# Norway goat cheese fire closes tunnel



## CHamilton (Sep 24, 2014)

Norway goat cheese fire closes tunnel




> Brunost has a high concentration of fat and sugar
> A road tunnel in Norway has been closed - by a lorry-load of burning cheese.
> About 27 tonnes of caramelised brown goat cheese - a delicacy known as Brunost - caught light as it was being driven through the Brattli Tunnel at Tysfjord, northern Norway, last week.
> 
> ...


----------



## Bob Dylan (Sep 24, 2014)

Are you sure this wasn't in " The Onion" Charlie? Its too early for an April Fool joke!


----------



## NW cannonball (Sep 25, 2014)

Brunost, gjetost, gammelost. Those Norge place goat cheeses are always subject of humor.

Had to eat some of them in my youth. Never again. For a while kept some gummelost (old cheese) triple wrapped in plastic, foil, glass jar -- just to offer to unwelcome visitors  to make them leave.
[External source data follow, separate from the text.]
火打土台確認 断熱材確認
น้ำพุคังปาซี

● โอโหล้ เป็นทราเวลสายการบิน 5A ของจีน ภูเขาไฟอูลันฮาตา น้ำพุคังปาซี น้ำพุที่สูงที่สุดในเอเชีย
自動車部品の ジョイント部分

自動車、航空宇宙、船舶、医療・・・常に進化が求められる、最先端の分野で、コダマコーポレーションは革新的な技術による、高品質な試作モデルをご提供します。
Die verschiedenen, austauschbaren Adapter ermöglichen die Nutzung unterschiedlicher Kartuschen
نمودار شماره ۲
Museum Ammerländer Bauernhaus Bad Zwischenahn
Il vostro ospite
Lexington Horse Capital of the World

Suppose every culture (he he he) has some totally disgusting foods, sometimes those things catch fire.

Good riddance.


----------



## Green Maned Lion (Sep 27, 2014)

You kidding? Lutefisk is disgusting. Goat cheese is delicious.


----------



## NW cannonball (Sep 28, 2014)

Green Maned Lion said:


> You kidding? Lutefisk is disgusting. Goat cheese is delicious.
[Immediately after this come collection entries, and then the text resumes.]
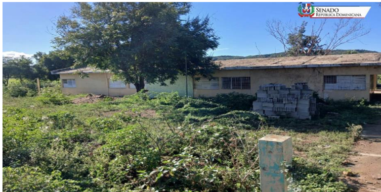
Vista de un plantel escolar en construcción

Ahí están las escuelas, totalmente paradas, luce ser que es por falta de mano de obra, Como vemos: escuelas importantes, escuelas grandes, escuelas pequeñas, escuelas en campos, que los niños no pueden trasladarse a otras escuelas; le pedimos al presidente de la República que, por favor, nos ayude a terminar todos estos planteles escolares, que muchos de ellos hay que demolerlos totalmente.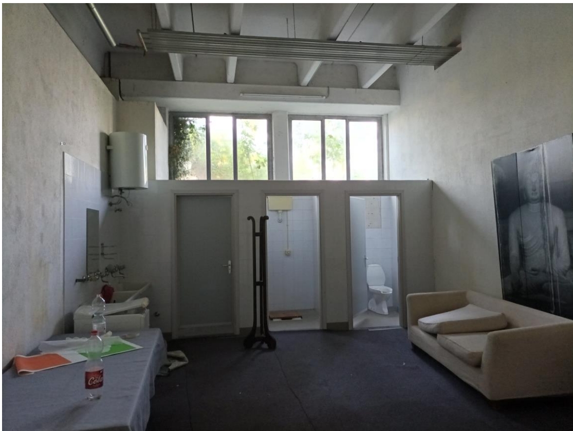
Veduta interna - Piano Seminterrato – Bagni e spogliatoi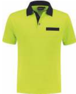
5010 Lime - Marine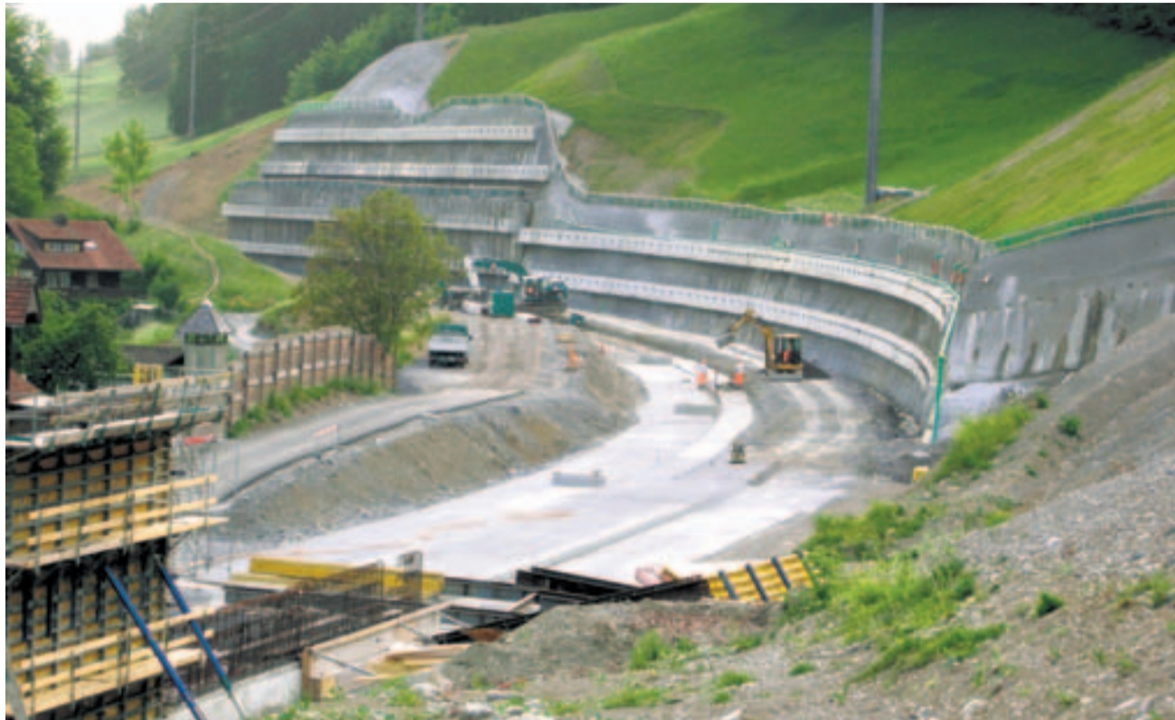
Tunnelbaugrube mit rückverankerter Bohrpfahlwand und Riegelwand.

Die Betonarbeiten konnten im Frühling 2008 gestartet werden. Für den 420 m langen Tunnel und die zugehörige Elektrozentrale sind rund 14 000 m 3 Beton nötig. Der Tunnel wird von Süden nach Norden gebaut. Es werden im Wochentakt Bodenplatte, Wände und Decke in 10 m langen Etappen geschalt, armiert und betoniert. Der Hochbaukran ist auf 2 Schienen installiert und wird jede Woche auch um diese 10 m verschoben. Ende November 2008 konnte die Decke des Blockes Nr. 26 betoniert werden, d. h. etwas mehr als die Hälfte des Tunnels ist gebaut.

Sorry, tend to disagree. More or less.

Lutefisk is NOT disgusting. Not for me. And my wife and kids.

Surstrommung -- foaming fermented stinking fish -- could and does offend me.

Love goat cheese (some kinds) - but Gammelost - was what my granny liked and stunk like -- can't say.

Think there was a "washed-rind" cheese somewhere -- "washed" means washed with the family's dirty socks.

If there is a "washed-rind" gammelost --

That cheese stinks amazingly.

Sorry, juvenile cheese trauma -- I can say no more.


----------